For once Sepp Blatter said the right thing in calling Gary Speed, who died unexpectedly on Sunday, "a model professional and a fantastic ambassador for the game".

The Welsh national team manager seemed a flawless sportsman in so many ways, always trim and industrious, never hot-headed or lazy. Speed always made friends, had no enemies and appeared to have a settled life and loving family as he embarked on a new and successful career. His past was bright and so was his future.

He won a title with Leeds United in 1992, an M.B.E. in 2010 for services to football, enjoyed passing on his experience as a coach and was a popular teacher. His effect on a moribund Wales has been immediately extraordinary. After a remarkably long playing career he excelled in his final job, which makes his apparent suicide all the more unfathomable.The facts just do not seem to fit.

He had planned a family holiday and working trip to the Middle East at Christmas; only hours before he hanged himself, Speed appeared on BBC television, watched a match with Alan Shearer, and joked with Welsh colleague Robbie Savage on the phone before hosting a dinner party.

He spoke in his final hours of organising future friendlies for Wales, of returning to the Football Focus show before Christmas and of meeting a friend this weekend.Never has a suicide made less sense.

The testimony of TV presenter Dan Walker on Speed's final day is typical:

"He was as bubbly as I've known him," said Walker. "He was talking about his kids, how they were really coming on, and talking about playing golf next week."

Gary Speed

Welsh teammate Savage concurred, incredulous,

"I spoke to him yesterday and we were laughing and joking."

"Just cannot believe the news regarding Gary Speed, " tweeted Michael Owen. "We waved at each other two days ago dropping our kids off at school. I'm numb."

Former Leeds teammate Gordon Strachan said that Speed, unlike some players he had come across with mental health issues, had shown no signs of suffering from depression.

"This one is right out of the blue," he commented, while Welsh starlet Gareth Bale, who has shown impressive form under Speed, summed up the ubiquitous sense of dismay:

"Everyone still can't get their head around this."

FAW Chief Exec, Ford added, "He was a model professional, a lovely guy, gregarious person. Players wanted to play for him, fans lo
ved him."

Shearer, who like Speed's former Leeds boss Howard Wilkinson and others has taken the death badly, called Speed "bright" and "fun" and that he "lit up every room he walked into."

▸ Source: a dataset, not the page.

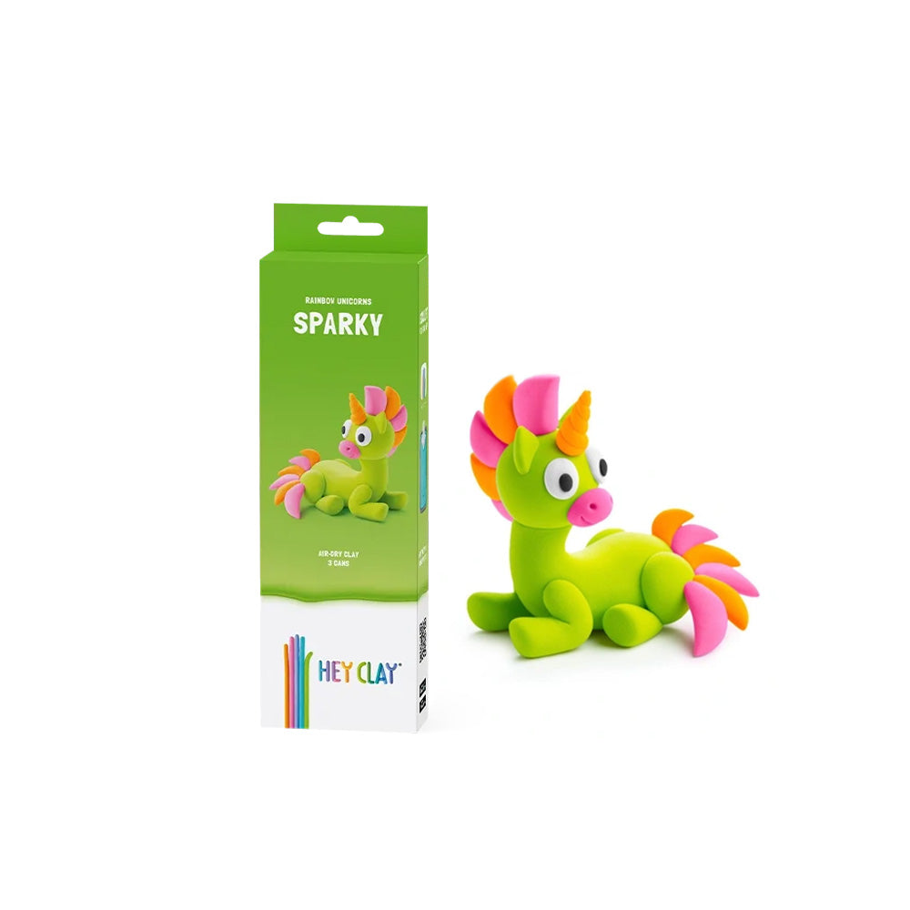Hey Clay: Modelling Air-Dry Clay with Fun Interactive App - Sparky, 3 Cans:Rainbow Unicorns Series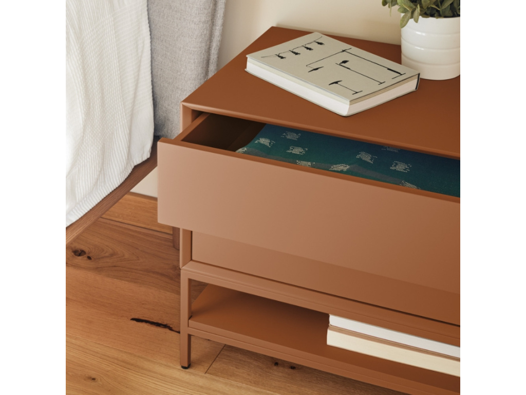Hledáte kousek, který bude vypadat skvěle, ale nebude na sebe zbytečně strhávat pozornost? Noční stolek ze série Platt od španělské značky Teulat je přesně ten typ nábytku, který si zamilujete pro jeho jednoduchost, praktičnost a nadčasový šmrnc. Minimalistické linie a chytré rozvržení úložného prostoru dělají z Plattu parťáka, který vedle postele rozhodně oceníte. Kromě dvou zásuvek najdete ve spodní části také praktickou otevřenou polici, která se skvěle hodí třeba na knihy nebo časopisy. A jestli vám stačí méně úložného prostoru, můžete sáhnout po závěsné variantě nočních stolků, která je tvořena jednou zásuvkou.

And this was the man who felt he could not go on living?

Nobody yet claims to have ever spotted any warning signs. His wife, via his agent, has insisted theirs was a happy marriage and that no row had preceded the tragedy. Speed's suicide remains a baffling mystery to one and all, a completely out-of-character decision, as far as everyone can understand. But the truth must be out there.

The police reported no suspicious circumstances to the coroner, while a full inquest will be held in January. All we know so far is that Speed's wife discovered his body hanging in the garage at 7 a.m. on Sunday morning.

This has set the theory-mongers off, but until we hear otherwise we cannot but play amateur psychologists. We need the world to make sense for our own sanity.

If Paul Gascoigne had taken his own life, no-one would have been surprised. But Gary Speed?

So are skeletons about to jump from the closet to explain his sudden death, or was the placid exterior and professional perfectionism an elaborate mask for a highly troubled soul and his apparent whim of an exit in fact long in the planning? And was this another Robert Enke, a second victim of a high-profile sport's failure to treat mental health as a serious ailment?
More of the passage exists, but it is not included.